Through intercession, the handicapped, the sick, the feeble, the inhibited from action, can find their place, can march shoulder to shoulder with the vigorous, or perhaps can lead the march, in the inspiriting advance toward the Kingdom of Justice. Legislative reforms, and greater things, may be achieved by desires rising from some obscure bed of pain. Yet this is no mere work for private initiative, it is also a work for the Church. Men grope to discover how an aroused Christian community can react on the social situation through its ecclesiastical machinery; the answer is difficult, opinions vary. Some say that the clergy should throw themselves into politics, some that they should stay out. Some want institutional churches, some despise them. Some wish the Church to inaugurate social service under her own name, others think that if she does she will simply chip in at cross purposes to wiser secular agencies. But one thing the churches surely can do without harming or interfering,--they can summon people to pray for social justice, and they can teach them how. In a parish or a diocese, or in the Church universal, why should not a Novena or a Week of Prayer be now and then proclaimed against some shocking evil--child labor, or the White Slave traffic? If Christian people threw themselves heartily and reverently into such a scheme and got themselves ready for prayer by becoming intelligent on the issue, what an access to zeal would ensue on the merely human side! And in that unseen region whither prayers wing their flight, who can tell what forces would be set in motion?

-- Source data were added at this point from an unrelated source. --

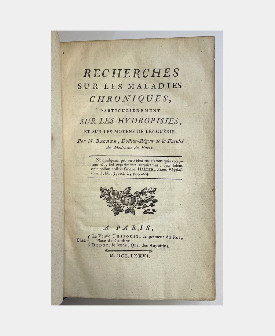 Paris, chez la Veuve Thiboust et Didot le jeune, 1776 ; in-8 de XL + XV + 724 pp + 1 ff. Reliure plein veau d’époque, dos à nerfs et à caissons ornés de fleurons et pièce de titre. Filets d’encadrement dorés sur les plats. Mors légèrement fendus, coiffes restaurées. Georges Frédéric Bacher (Blotzheim, 1709 – Thann, 1798), médecin installé à Thann, fut l’inventeur des « Pillules dites toniques de Bacher ». Cet ouvrage fut achevé par son fils Alexandre (Thann, 1740 – Paris, 1808). Bibliographie des écrits sur l’hydropisie in-fine.
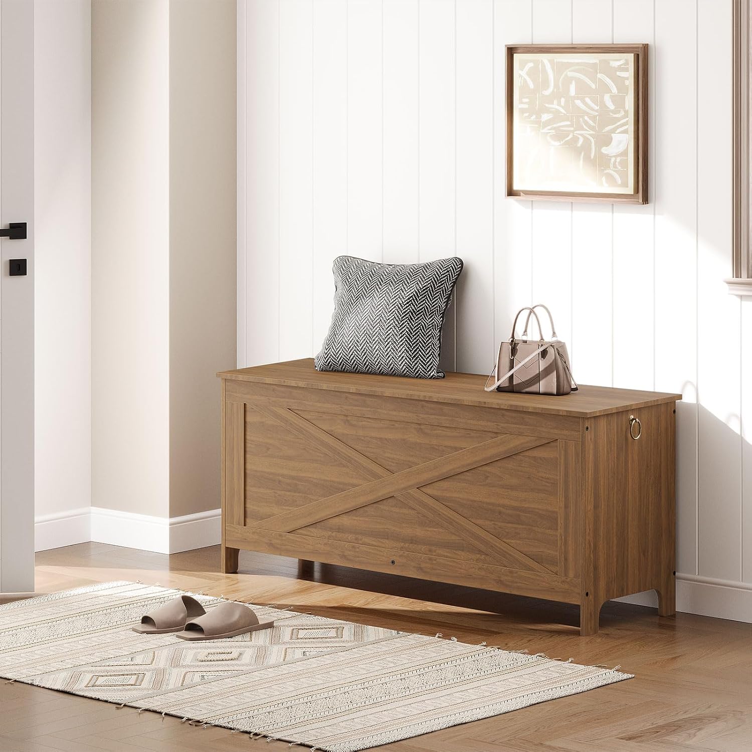 - High-End Aesthetics: The sophisticated barn door design is paired with brown-color panels for a modern minimalist vibe, making this storage bench suitable for any home decor, adding an international flavor to every living room
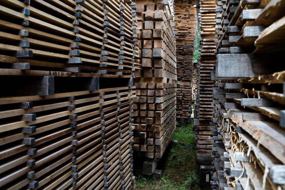天然乾燥中の木
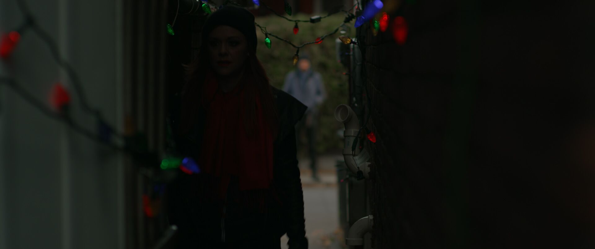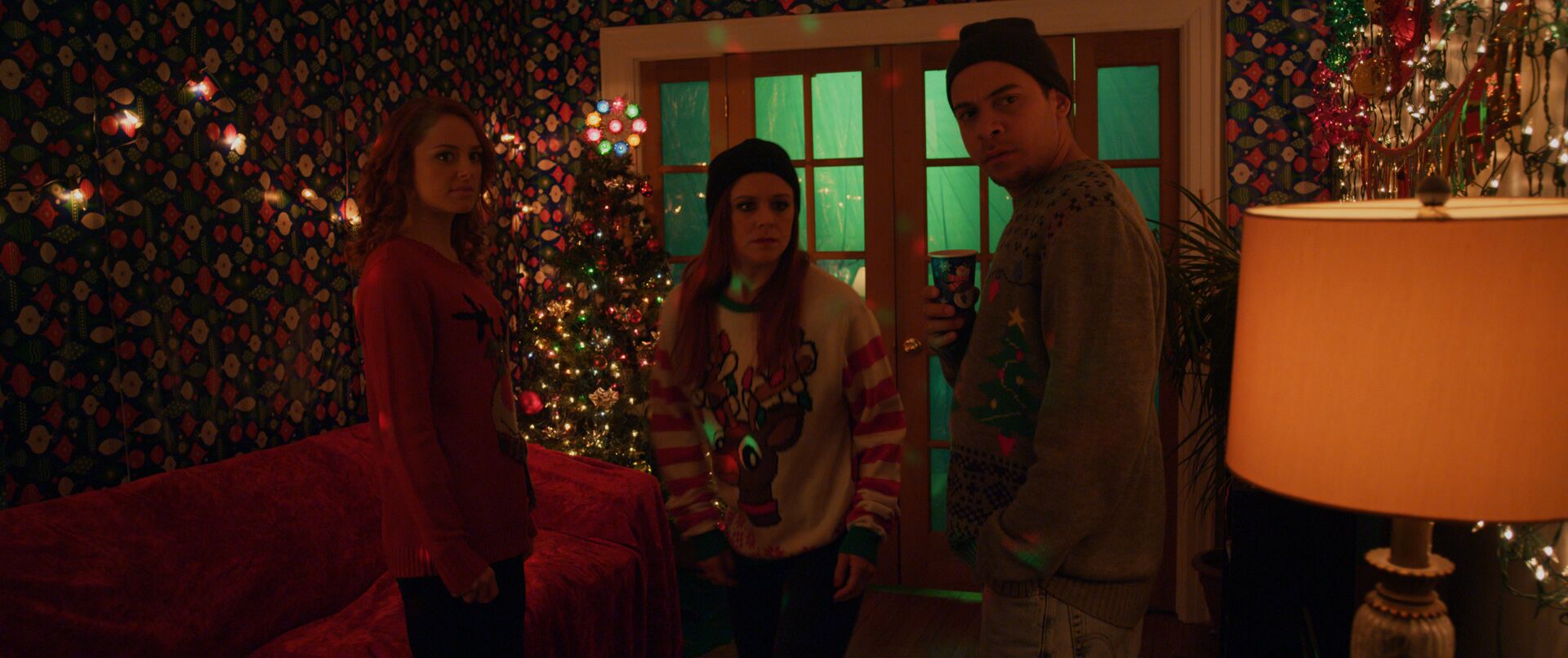 I swear I say it every time I review one of these, even more so because the holidays are quickly approaching but damn I love a good Christmas themed slasher. Do You See What I See has an impressive production value, emphasized by its high quality cinematography. The shot choices are diverse and the framing wonderful, combined with the fact that everything is so tightly edited too. The sequence that stood out most, involves a smooth tracking shot, as Sloan makes her way through her sister’s backyard to greet her brother-in-law, Chris (played by Adam Buller). The audio levels are pretty clear and everything is nicely lit, in particular scenes that employ green and red lights in the basement. With this taking place in a Christmas setting, the music was always going to be key. I’m pleased to see Justin and Serena go with classic holiday music (something other film makers often don’t do). The score starts heavy on bass and festive bells but also exercises moody synth, in order to add that touch of “slasher” about the proceedings. There’s even a rocked up version of “Jingle Bells” in here, which I dug as well. The performances are all reasonably natural and I particularly like the casting of Le Grand and Cadence as sisters. The two of them have similar builds and facial features, plus their chemistry and dialogue were both believable. Buller is solid in his brief role, as is Alexander. The ball takes a while to get rolling but the snippets of conversation throughout are entertaining enough and when the action comes, we get some decent practical blood effects.

Phillips Brooks used to tell how a number of good Episcopalians got together at the time of the great Boston fire and said the Litany. "And there was a provision in it for everything under the sun," said he, "except for a burning city." Obviously, this special Church has been sadly in need of more flexibility, and she has been gaining it lately. Intercession services are common and increasingly prized. Cannot they be more vigorously turned toward social salvation, while losing none of their fervor for missions, for parochial ends, for individual needs? Will not the numerous Guilds of Prayer develop social intercession? One such guild at least is especially pledged to pray for the reconciliation of classes, and so, whenever a great strike or labor war is in progress, hundreds of people all over the country are entreating, with what ardor God and their conscience vouchsafe, not that one side or the other may triumph necessarily, but that brotherhood may prevail.

Yet there is no need to wait for corporate action. Let every man examine his private life. Is he satisfied with the idea God gains of him from his prayers? In prayer more than in any other pursuit one must be honest; there is danger in pretending to desire what one does not really care about. But also one may grow. The world-crisis calls men faithfully and fervently to enlarge and energize their life of prayer. So the old and the new ideals of religious life will be brought into unison; so the Mystical Body of Christ will come to her own, in power to help and heal. Thank God for letting us pray! May we be worthy of the Gift and the Summons!